[Data block]:
****************
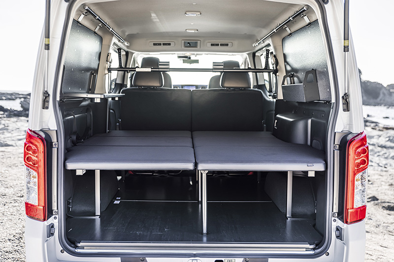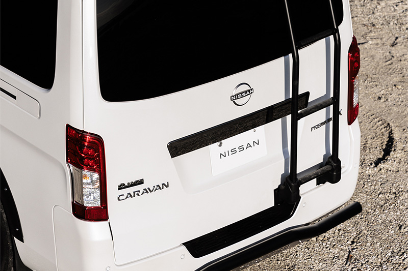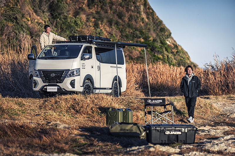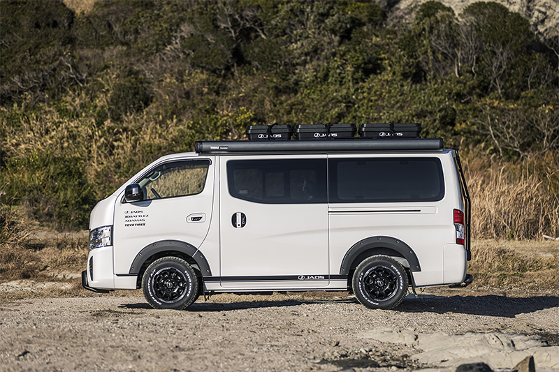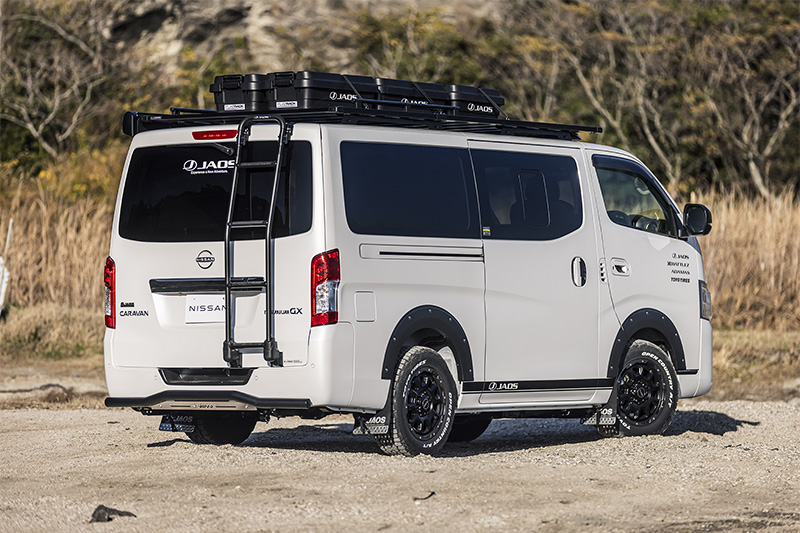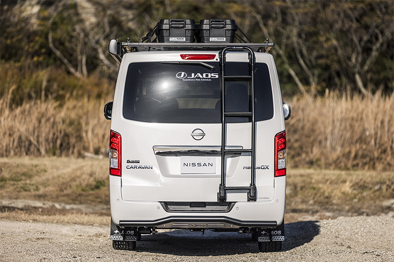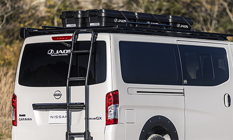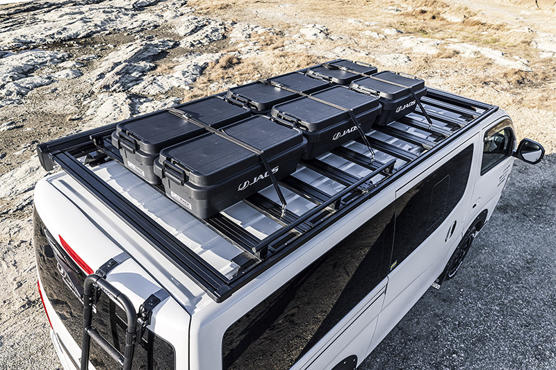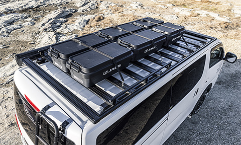 キャラバンに標準装備されている純正ルーフナットを活用してより低く、より高面積に装着できるルーフキャリア(フラットラック)は、用途に合わせたアレンジが可能。
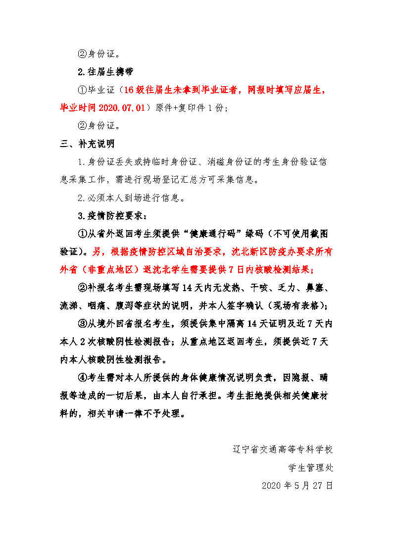 辽招考办【2020】15号-关于做好辽宁省2020年高职对口升学招生考试补报名工作的通知
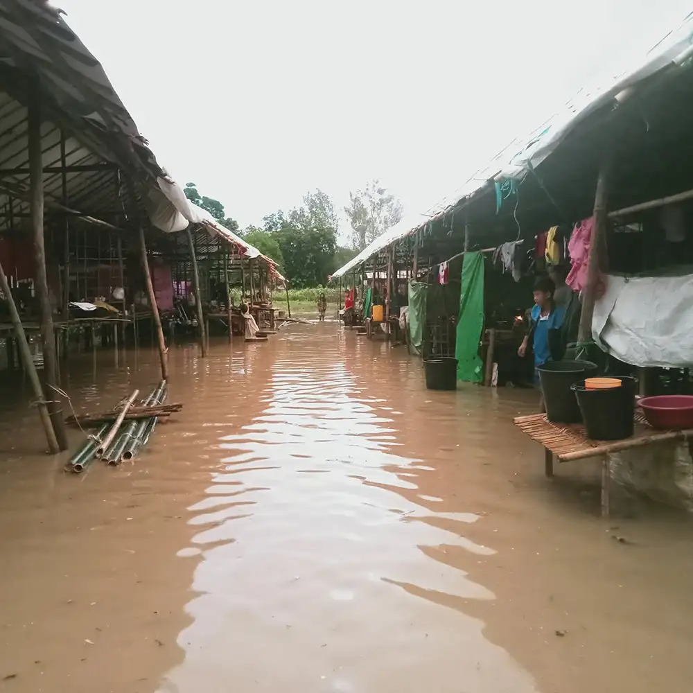 စစ်ရှောင်စခန်းအတွင်း အခုလို ရေဝပ်လေ့ရှိတာကြောင့် သဲကျောက်ခင်းဖို့အတွက် အကူအညီတွေ လိုအပ်နေတာလို့ စစ်ရှောင်ပြည်သူတစ်ဦးက မြစ်ကြီးနားသတင်းဂျာနယ်ကို အခုလို ပြောပါတယ်။
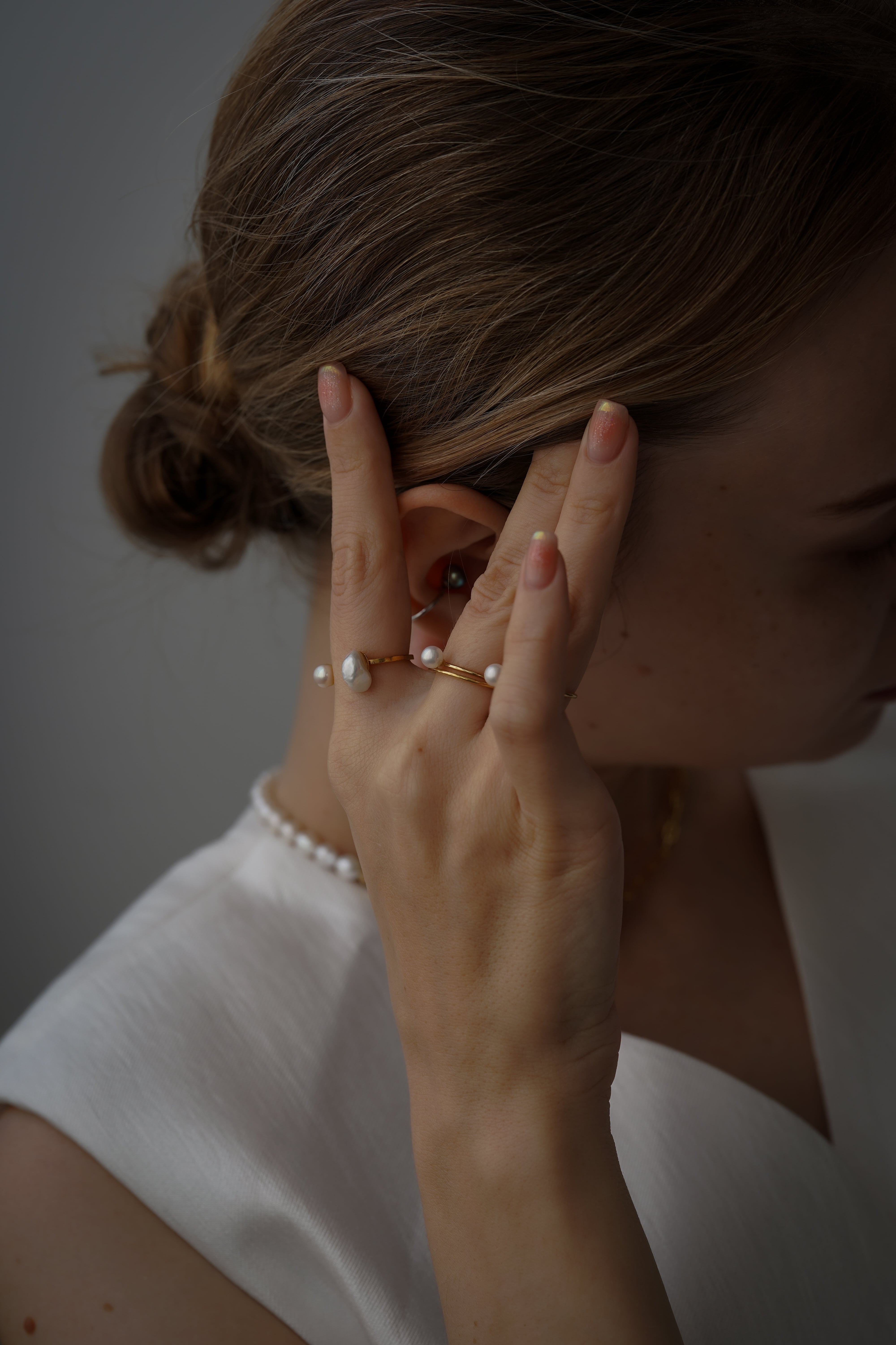 ひと粒のパールがそっと指先に寄り添う、ミニマルで凛とした印象のリング。
****************
Restate all of the material word for word, leaving every picture out.

[Written solution]:
 キャラバンに標準装備されている純正ルーフナットを活用してより低く、より高面積に装着できるルーフキャリア(フラットラック)は、用途に合わせたアレンジが可能。
 辽招考办【2020】15号-关于做好辽宁省2020年高职对口升学招生考试补报名工作的通知
 စစ်ရှောင်စခန်းအတွင်း အခုလို ရေဝပ်လေ့ရှိတာကြောင့် သဲကျောက်ခင်းဖို့အတွက် အကူအညီတွေ လိုအပ်နေတာလို့ စစ်ရှောင်ပြည်သူတစ်ဦးက မြစ်ကြီးနားသတင်းဂျာနယ်ကို အခုလို ပြောပါတယ်။
 ひと粒のパールがそっと指先に寄り添う、ミニマルで凛とした印象のリング。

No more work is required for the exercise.